I just got home from the Doral Resort, in Miami. The hotel complex was bigger than Key West.
I was visiting for the weekend with friends competing in the Judo Open. My friends, who flew from New York, are former champion and legendary columnist Taki, coach and practitioner Teimoc, writer and Judo black belt Mark Brennan, and Brian Pereira, the only one of the troupe competing. Brian is the youngest and the newest to the group, and the best looking.
Friday I accompanied my pod to the auditorium where the Judo US Olympic trials were carrying on, on a couple of enormous yellow mats, surrounded by five chairs deep in spectators. The room was generally near capacity with a lot of traipsing to and fro of competitors, coaches, news-camera operators, parents of competitors, and audience. Chances are good I was the only one in there who had never before seen Judo and knew nothing about it.
Watching that first match, Friday, what struck me was how I knew absolutely zero about Judo. To me, Taekwondo, Karate, Jujitsu, Aikido, Judo well they were all that Asian dude slicing through the air and taking down enemies with some chop-chopping with the hands, and back-flipping kick routines.
I continue to know nothing of the nuances of the other disciplines but what I will say for Judo is it is sensational to watch. What looks like a person falling turns into an exact position like a praying mantis, stiff and yet twitteringly poised for movement, defensive or offensive. The athletes are awesome to observe.
I watched a match between a lanky Swede and a gorgeous Argentine, who eventually dominated the tall perfectly formed Swede. The Swede was mighty pissed but under control. I had seen the Swede earlier, in the hotel lobby, with his girlfriend and an old guy, Taki said the old guy was the coach. The match was two men grabbing at each other’s lapels, and sometimes sliding out a foot to topple the opponent. Sometimes this worked and they both crashed to the mat, but instead of hitting the floor feet flicker or legs fly and the two continue to move. It’s a very awesome dance and I was gripped. Taki narrated, telling me the names of the moves, which sounded like Chinese menu items.
Next a couple of ladies, an American who was fierce and tense and a Cubana with a beautiful face and a sneer for a personality. The Cubana demolished the American, but as slowly and impassively as metal corroding to a pile of dust. All the women I saw spent a lot of time fixing their ponytails. La Cubana’s coach is a man so corpulent he leans back so the front of him is leveraged like a prow. Even his oily stringy black hair is sliding off the back of his head, tumbling into a snake pit of wet curls at his collar, around which hangs his credentials and a silver whistle on a rope.

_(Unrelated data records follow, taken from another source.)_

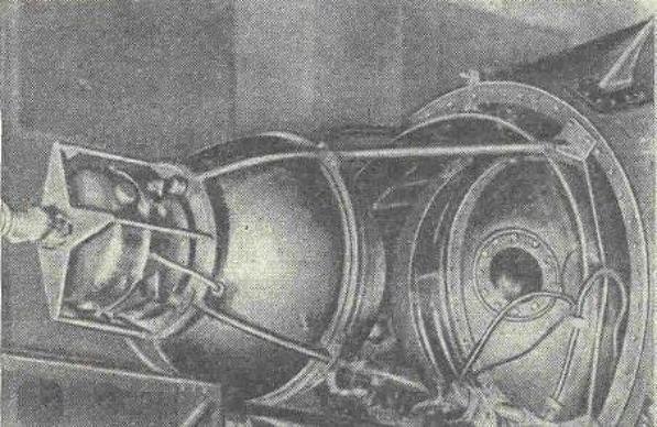 | At Baikonur Cosmodrome and within the huge Horizontal Assembly Hall, the Sputnik-2 payload is seen here attached to the nose of the R-7 rocket. The R-7 is resting on a special rail car and Laika is sealed inside her capsule at this point. Note the small window, her only source of light. During this phase of the preparations, Laika had to lay on her side until the rocket was rolled out to pad #1 and uprighted. The Sputnik-1 backup sphere, minus its 4 rod antennas, is seen to the left of Laika's capsule. It contained the 20.005Mhz and 40.002Mhz transmitters similar to the on-orbit Sputnik. The 4 antennas were relocated to the right of Laika's capsule and one can barely be seen in the upper right corner of the photo. The UV experiment package is seen to the left of the sphere. |
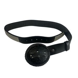Iron Horse Black Studded Embossed Leather Belt Buckle Size S/M never worn, no tags
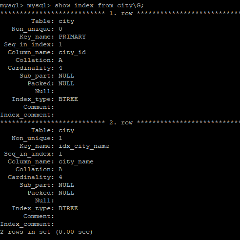 CREATE [UNIQUE|FULLTEXT|SPATIAL] INDEX index_name [USING index_type] ON tbl_name(index_col_name,...) 说明: [UNIQUE|FULLTEXT|SPATIAL] :指定创建索引类型(可选) [USING index_type]:使用哪一种结构的索引,不指定默认使用B+Tree
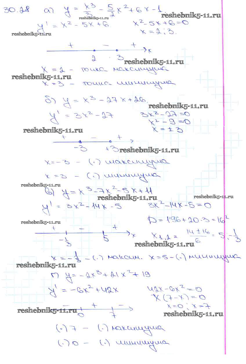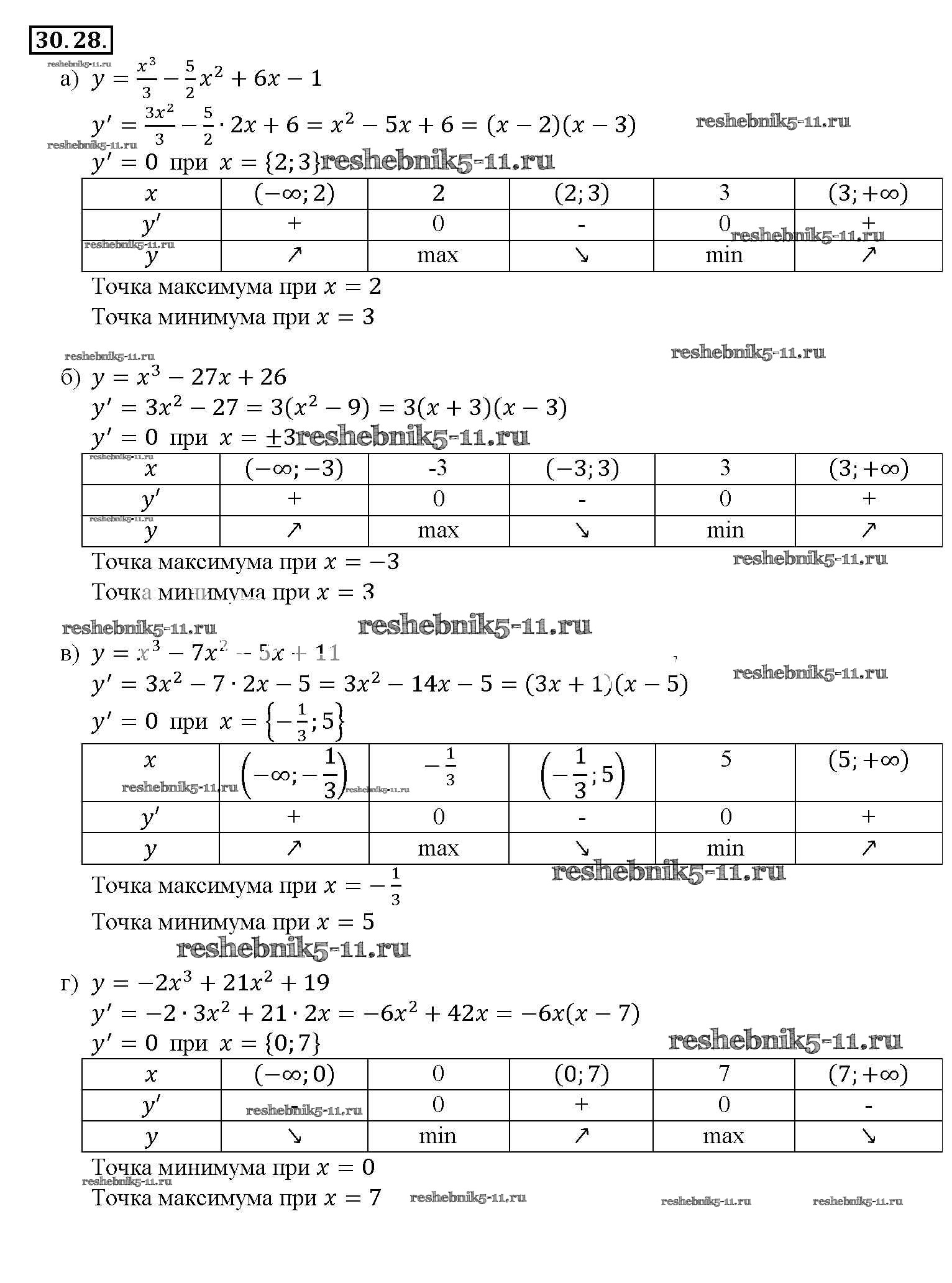 Готовая домашняя работа с ответами по Алгебре за 10, 11 класс Мордкович, Денищева, Корешкова, Мишустина, Семёнов, Тульчинская Задачник Базовый уровень Часть 2 Мнемозина 2015 ФГОС - §30. Применение производной для исследования функций на монотонность и экстремумы 30. 28

Next some boys, a Russian and a Cuban. The Cuban dominated, but it was grueling. They were even, too even, the Russian was sleek like a bullet, like something designed to withstand endless beatings, and he did. The two were panting at the end. The ref told them both off for wasting time, performing a tumbling move with his arms to exhibit his displeasure, but it seemed to me the boys were not prevaricating so much as they were whipped, they were catching their breaths. Big cats with stomach muscles like I’ve only seen in pictures. They beat they pounded they dragged each other around by the lapels; they stared at each other in utter concentration. Then they might suddenly flip or very quickly move, I could not always make out what was happening, it was mostly too quick.
And sometimes they slam-land their opponent flat on his/her back, making an almighty noise, a thunderous crack, sounding painful. At the end, after the Cuban won, he could not speak, and to answer questions he would smile or shrug or point at things and all the while panting furiously as he made his way out of the exhibition room.
Dinner was steak and grog and fun on open air South Beach, and over early to accommodate Brian. He might be assigned the first match of the day at nine am. He and Teimoc would be getting up early to warm him up.
Saturday morning I got a good seat before start time. I watched eight hours of Judo. I loved it. Sometimes matches are over in a trice and you ache for the defeated and their occasional illegal displays of anguish. The movements, the foot work is all so impressive, so fast and so precise. “It might look like they are falling, but they are not,” said Taki.
Brian had four matches, one was a default in his favor, one he won and two he lost. One of those losses was to the Swede, who did not win a slot on the Olympic team, but went on to win the Open.
Saturday night we ate more steaks and drank more grog. Brian finds it less terrifying to go up against a Judo black belt than to approach a female. After fortifying himself sufficiently he asked a pretty girl to dance.